------ Listed entries

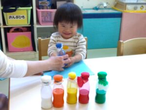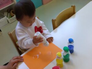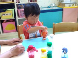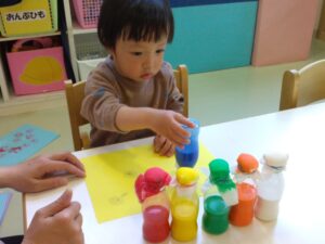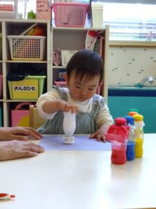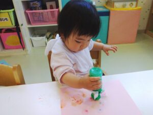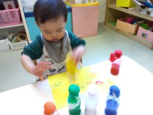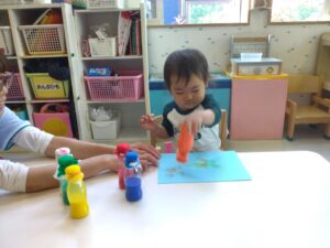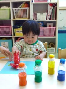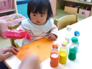 月齢の小さい子も、絵の具の入ったボトルを興味津々に手に取り
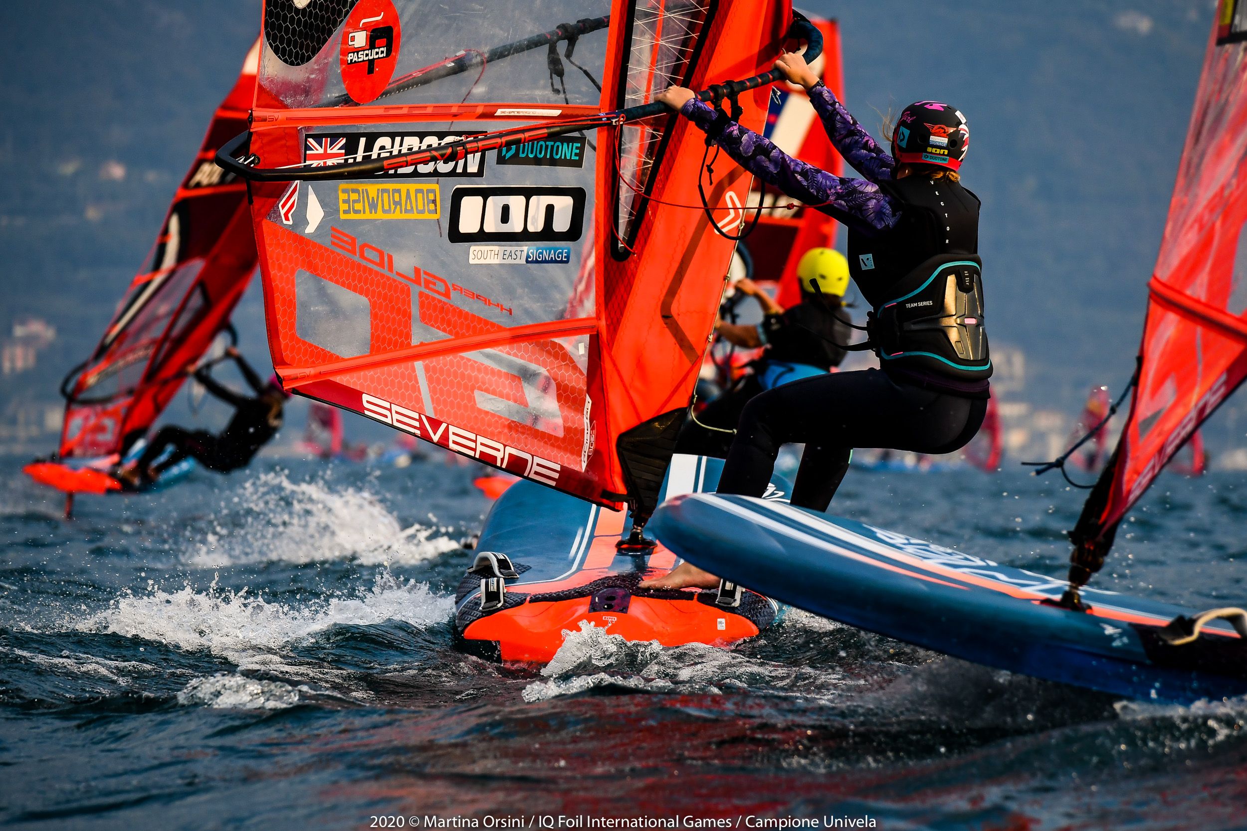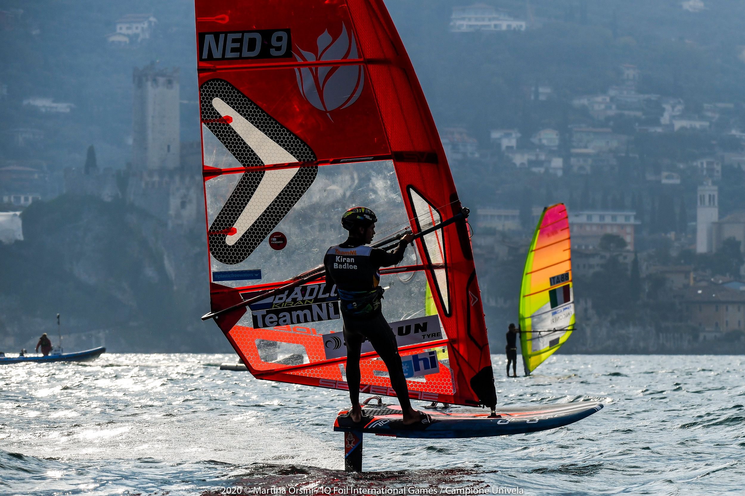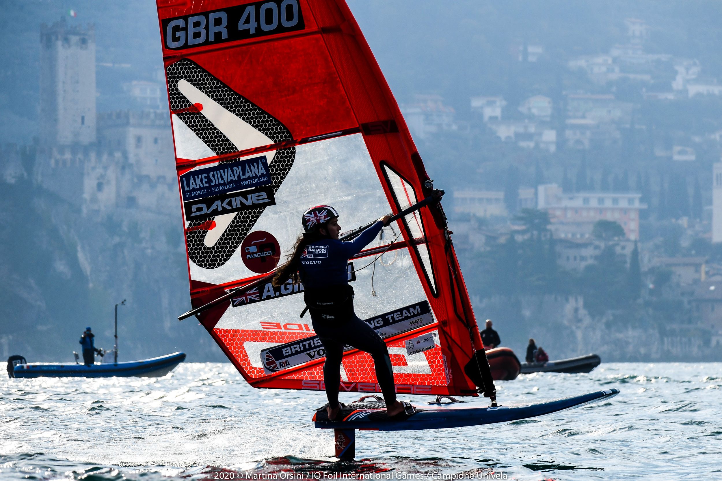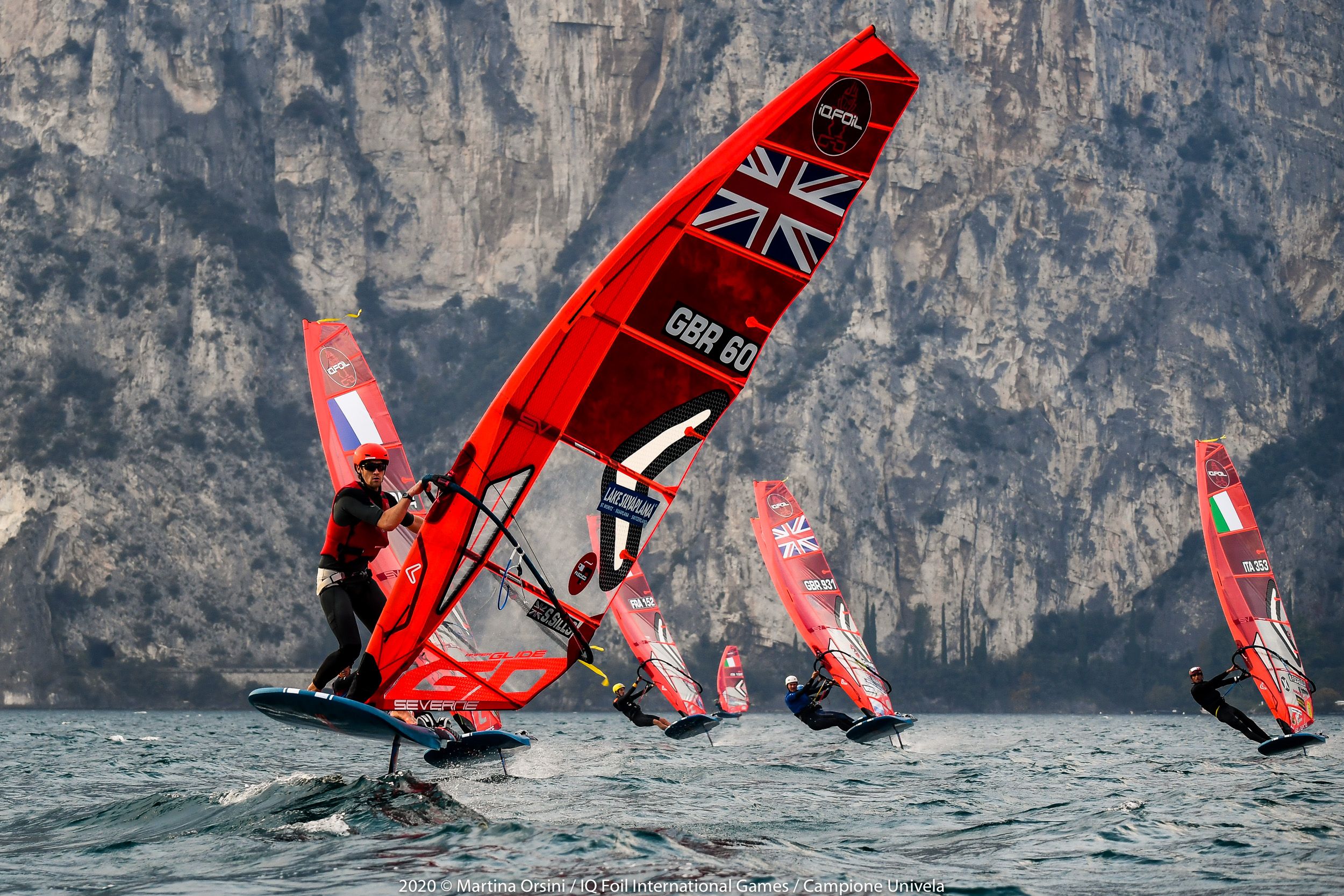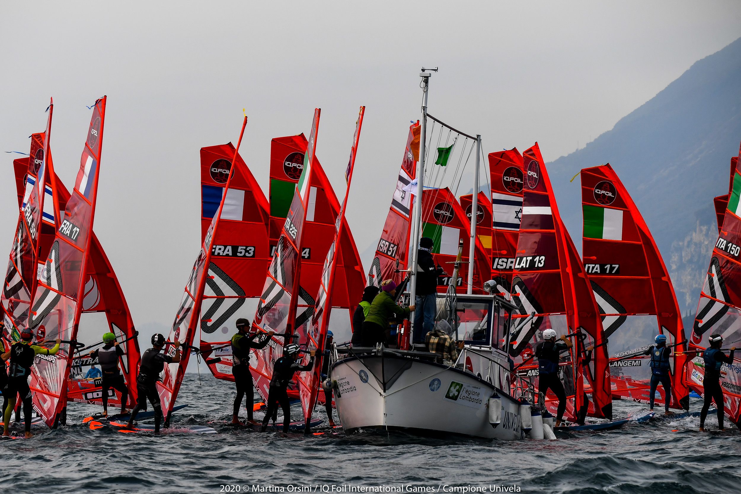 Day two wraps up in Campione Univela, while we are already looking at tomorrow’s conditions, that look similar to today’s. Some windward-leeward races are planned in the morning and a couple of slalom races in the afternoon, were confirmed in the evening skippers’ briefing, held online to avoid assemblies in these critical times we are facing. This is just one of the many strategies put in place by Univela Sailing, and the co–organising club Società Canottieri Garda Salò, in order to keep the international event on the calendar and run it safely both ashore and on the water.
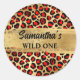 Red and Gold Foil Leopard Wild One Classic Round Sticker
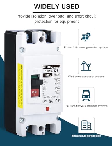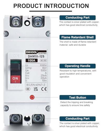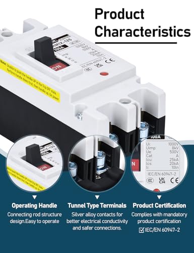 About this item Function: Thermal Magnetic Trip, circuit overload protection, isolation circuit, circuit short circuit protection 30% silver content in moving contacts, 45% silver content in stationary contacts Working voltage: DC 12V~500V AC 90~480V short-circuit breaking capacity 25kA Size:144MM x 108MM x 203MM, It needs to be installed on the panel through screws Suitable for DC application such as photovoltaic / UPS / battery / Datacenter etc.
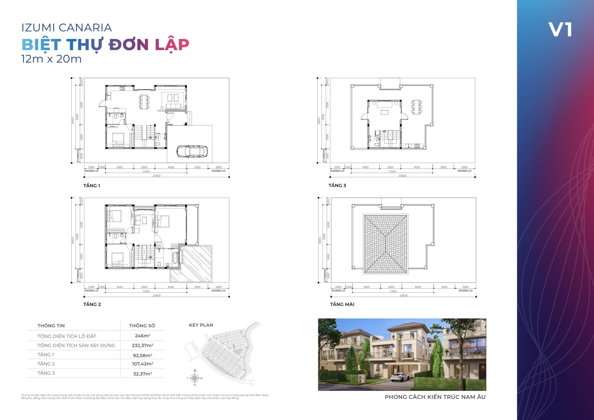● Biệt thự đơn lập Canaria 12m ngang: 232 m2 sàn, 3 tầng.
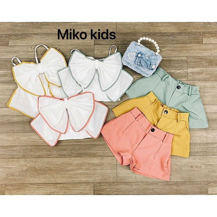 Quần áo bé gái, nguyên set phối áo hai dây nơ cho bé gái đi chơi đẹp từ 12-40kg hàng thiết kế
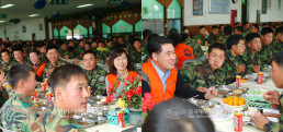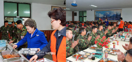 어느덧 점심시간이 되자 회원들은 부대 내 대식당에서 준비해 간 치킨과 떡, 과일, 음료수 등을 장병들에게 대접했습니다. 식사 전, 여단장님이 새생명복지회를 소개하자 500여 명의 장병들은 일제히 뜨거운 환영의 박수를 보냈습니다. 회장님은 어제 막 ‘천리행군’이라는 고된 훈련을 마치고 돌아온 장병들을 비롯해 연일 여러 가지 힘든 훈련으로 단련된 장병들에게“여러분들이 계셔서 국민들은 편안히 잠자리에 들고 생업에 종사한다”고 위로하시며“더 좋은 선물을 많이 드려야 하겠지만 회원들이 무엇보다 따뜻한 마음을 담아 왔으니 받아 달라”고 하셨습니다. 음식과 함께 이날 부대로 전달된 위문품은 장병들이 따뜻한 겨울, 시원한 여름을 보내길 바라는 의미에서 준비한 냉온풍기 3대였습니다.
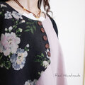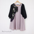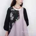 ヨーロッパリネンブラックとアンティークピンクのアシメフラワーワンピース
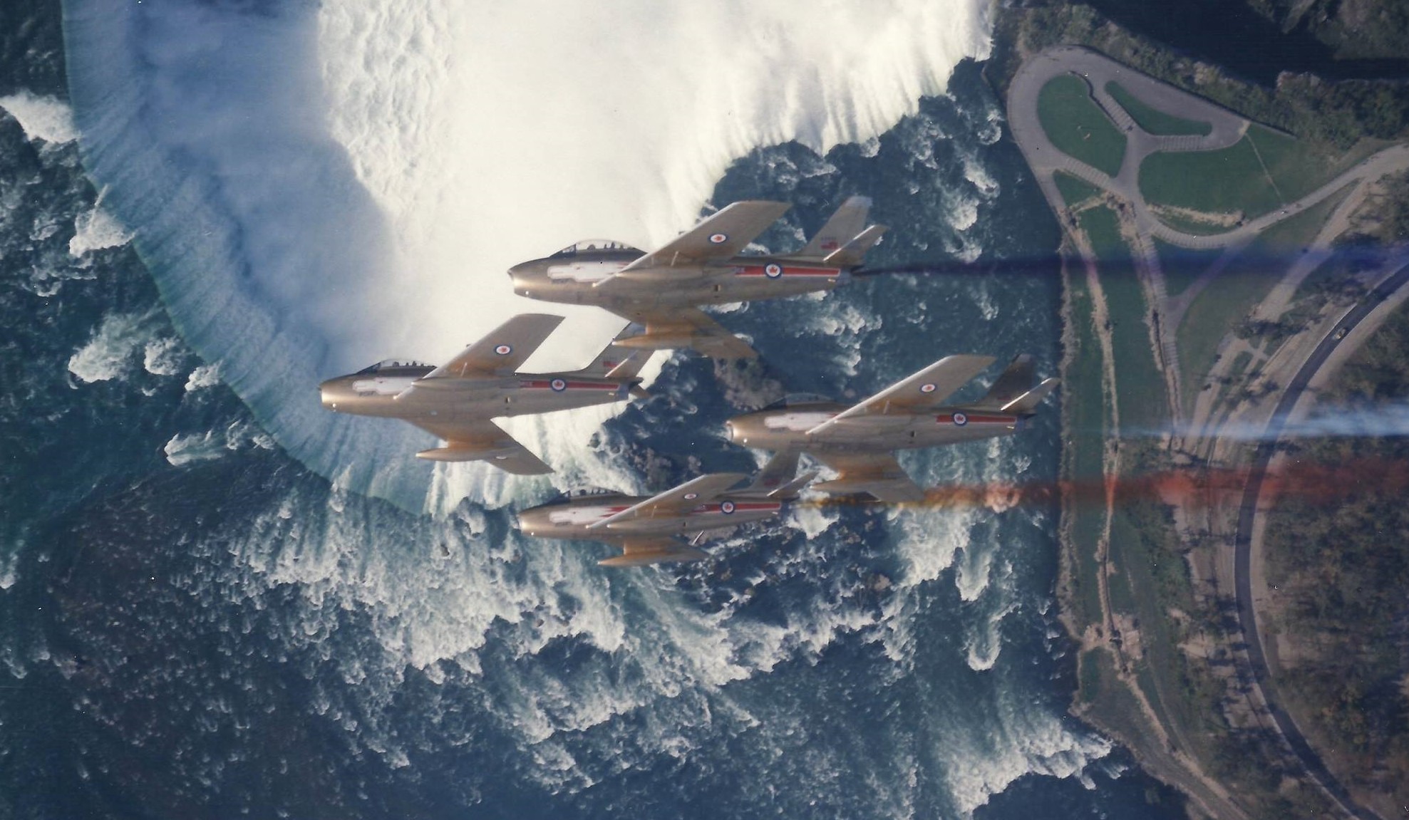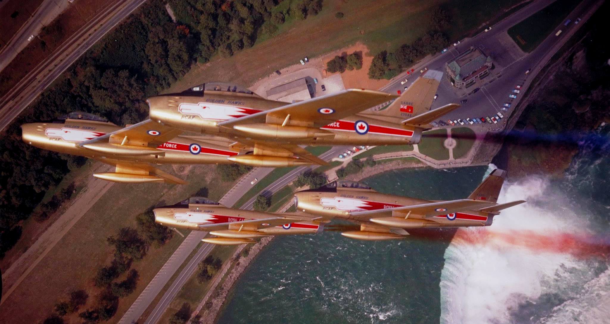 Canadair F-86 Sabres, Golden Hawk formation over Niagara Falls.

------------

## Directions
Every line of the listing above is to be retyped exactly, but the pictures are to be dropped.

## Result for this task
 月齢の小さい子も、絵の具の入ったボトルを興味津々に手に取り
 Day two wraps up in Campione Univela, while we are already looking at tomorrow’s conditions, that look similar to today’s. Some windward-leeward races are planned in the morning and a couple of slalom races in the afternoon, were confirmed in the evening skippers’ briefing, held online to avoid assemblies in these critical times we are facing. This is just one of the many strategies put in place by Univela Sailing, and the co–organising club Società Canottieri Garda Salò, in order to keep the international event on the calendar and run it safely both ashore and on the water.
 Red and Gold Foil Leopard Wild One Classic Round Sticker
 About this item Function: Thermal Magnetic Trip, circuit overload protection, isolation circuit, circuit short circuit protection 30% silver content in moving contacts, 45% silver content in stationary contacts Working voltage: DC 12V~500V AC 90~480V short-circuit breaking capacity 25kA Size:144MM x 108MM x 203MM, It needs to be installed on the panel through screws Suitable for DC application such as photovoltaic / UPS / battery / Datacenter etc.
● Biệt thự đơn lập Canaria 12m ngang: 232 m2 sàn, 3 tầng.
 Quần áo bé gái, nguyên set phối áo hai dây nơ cho bé gái đi chơi đẹp từ 12-40kg hàng thiết kế
 어느덧 점심시간이 되자 회원들은 부대 내 대식당에서 준비해 간 치킨과 떡, 과일, 음료수 등을 장병들에게 대접했습니다. 식사 전, 여단장님이 새생명복지회를 소개하자 500여 명의 장병들은 일제히 뜨거운 환영의 박수를 보냈습니다. 회장님은 어제 막 ‘천리행군’이라는 고된 훈련을 마치고 돌아온 장병들을 비롯해 연일 여러 가지 힘든 훈련으로 단련된 장병들에게“여러분들이 계셔서 국민들은 편안히 잠자리에 들고 생업에 종사한다”고 위로하시며“더 좋은 선물을 많이 드려야 하겠지만 회원들이 무엇보다 따뜻한 마음을 담아 왔으니 받아 달라”고 하셨습니다. 음식과 함께 이날 부대로 전달된 위문품은 장병들이 따뜻한 겨울, 시원한 여름을 보내길 바라는 의미에서 준비한 냉온풍기 3대였습니다.
 ヨーロッパリネンブラックとアンティークピンクのアシメフラワーワンピース
 Canadair F-86 Sabres, Golden Hawk formation over Niagara Falls.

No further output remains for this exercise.